Big Theta for some functions is an empty set. Take for example bubble sort. It's O(n^2) and Ω(n), but there is no function that asymptotically bounds it above and below. In fact it is better if there isn't one as it means there exists fast cases. For bubble sort it's fast cases are ones where data is almost sorted and requires to scans of the array. If you know this is true of the input data you know bubble sort is more appropriate than something like merge sort which is Ω(nlog(n)). Now the O(n^2) worst case can still be significant so you may want to consider an alternate algorithm that doesn't break down as bad.
As the other reply pointed out we are talking about functions that bound some other function (in this context the amount of steps / operations / time an algorithm will take) when looking at how it behaves asymptotically.
Note that "the amount of steps / operations / time an algorithm will take" is not in general a mathematical function, as for the same input size, different inputs will give different numbers of steps. For bubble sort for example there doesn't exist a function f(n) = number of steps bubble sort will take for an input of size n. There does exist a function best_case_complexity(n) = number of steps bubble sort will take for the best input of size n; and a function worst_case_complexity(n) = number of steps bubble sort will take for the worst input of size n.
Then, we can say best_case_complexity(n) = Theta(n), and worst_case_complexity(n) = Theta(n^2). We can also define the set of all functions representing the number of steps bubble sort will take for input of a certain "shape" of size n. We can then indeed say that any function in this set will be <= worst_case_complexity(n) and >= best_case_complexity(n), so this set will indeed be a subset of Omega(n) and of O(n^2).
It's not redundant. You can have "average case O(n log(n))" but "worse case O(n^2)", like quicksort does. Depending on the pivot function, that "worse case" can be more or less common.
It is not redundant to say "average case O(n log(n))". It's not formally a correct usage of O(). But colloquially, it means that the average number of operations over all possible inputs on length n is X.
It is redundant to say "worst case O(n^2)". By definition, O(X) means that the maximum of the number of operations over all possible inputs of length n is at most X.
You are incorrect about this. Worst case and Big O are independent of one another. The O, Ω, Θ, etc... are about describing bounds where O(f) is used for the set of asymptotic upper bounds on f, Ω(f) is the set of asymptotic lower bounds on f, and Θ(f) is the intersection of O(f) and Ω(f).

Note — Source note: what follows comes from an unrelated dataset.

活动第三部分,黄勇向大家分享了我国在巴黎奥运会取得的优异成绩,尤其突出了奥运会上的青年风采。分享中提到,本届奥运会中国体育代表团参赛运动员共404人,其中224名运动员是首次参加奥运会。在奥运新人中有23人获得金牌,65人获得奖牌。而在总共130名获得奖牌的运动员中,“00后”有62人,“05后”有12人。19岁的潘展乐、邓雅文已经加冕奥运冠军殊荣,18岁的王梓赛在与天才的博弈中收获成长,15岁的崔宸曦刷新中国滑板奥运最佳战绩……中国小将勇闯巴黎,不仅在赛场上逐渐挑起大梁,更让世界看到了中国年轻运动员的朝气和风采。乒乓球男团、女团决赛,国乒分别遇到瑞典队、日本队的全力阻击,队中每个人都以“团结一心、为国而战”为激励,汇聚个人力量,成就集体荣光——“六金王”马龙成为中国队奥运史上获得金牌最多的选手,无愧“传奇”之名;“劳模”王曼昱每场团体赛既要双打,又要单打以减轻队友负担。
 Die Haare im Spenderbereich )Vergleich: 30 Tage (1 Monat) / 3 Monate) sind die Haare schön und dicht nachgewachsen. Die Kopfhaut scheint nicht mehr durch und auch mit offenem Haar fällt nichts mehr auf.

Typically f is used to describe space or time complexity of an algorithm, but it can be used for any function that maps positive integers to the non-negative real numbers.
You can make any combination of best case/worst case/average case with O, Ω, Θ. In fact, you can even consider other cases as well such as amortized cases, 90th percentile cases, any case you want to investigate that can be defined as a function from positive integers to non-negative real numbers can be classified as having an asymptotic upper bound, lower bound, or tight bound.

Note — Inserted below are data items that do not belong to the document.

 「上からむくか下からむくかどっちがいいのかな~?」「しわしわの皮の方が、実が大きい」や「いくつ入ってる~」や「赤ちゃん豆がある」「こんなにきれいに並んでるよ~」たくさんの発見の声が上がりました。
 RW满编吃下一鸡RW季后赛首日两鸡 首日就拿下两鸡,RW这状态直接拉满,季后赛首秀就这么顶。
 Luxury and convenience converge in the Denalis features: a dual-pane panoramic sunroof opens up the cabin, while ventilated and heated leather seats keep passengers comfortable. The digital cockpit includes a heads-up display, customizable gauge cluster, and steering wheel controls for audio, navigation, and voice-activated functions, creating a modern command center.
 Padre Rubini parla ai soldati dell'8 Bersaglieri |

"Average-case of algorithm X" can be a function function (average number of operations for all possible inputs of length n). And asymptotic bounds can be applied to arbitrary functions from R -> R.
> It is not redundant to say "average case O(n log(n))". It's not formally a correct usage of O().
You are wrong. It is perfectly formally correct to say "average case complexity is 2n log(100n) + 78n + 90, which is O(n log (n))".
> By definition, O(X) means that the maximum of the number of operations over all possible inputs of length n is at most X.
No, that is, in fact, a colloquial use of O(X). O(X), formally, is simply the set of all functions that are bigger than X up to some constant factor. It has nothing to do with number of operations in itself.
Instead, we formally define complexity functions for an algorithm, which are the minimum/average/maximum number of operations the algorithm will execute for any input of size N; call these functions Cmin(n), Cavg(n), Cmax(n). Then, we can say that C_(n) is in O(X(n)) (or, as a shorthand, C_(n) = O(X(n))) if there exists a number k such that C_(n) < k * X(n) for any n > n0.
So, we can say that the best case complexity of an algorithm, Cmin(n), is O(n^2); this means that even for the best possible input of length n, it will execute at least k * n^2 steps, for some k. Or, we can say that the worse case complexity of some algorithm, Cmax(n), is Omega(n^2); that is, that even in the worse case input of length n, it will execute less than k * n^2 steps, for some k.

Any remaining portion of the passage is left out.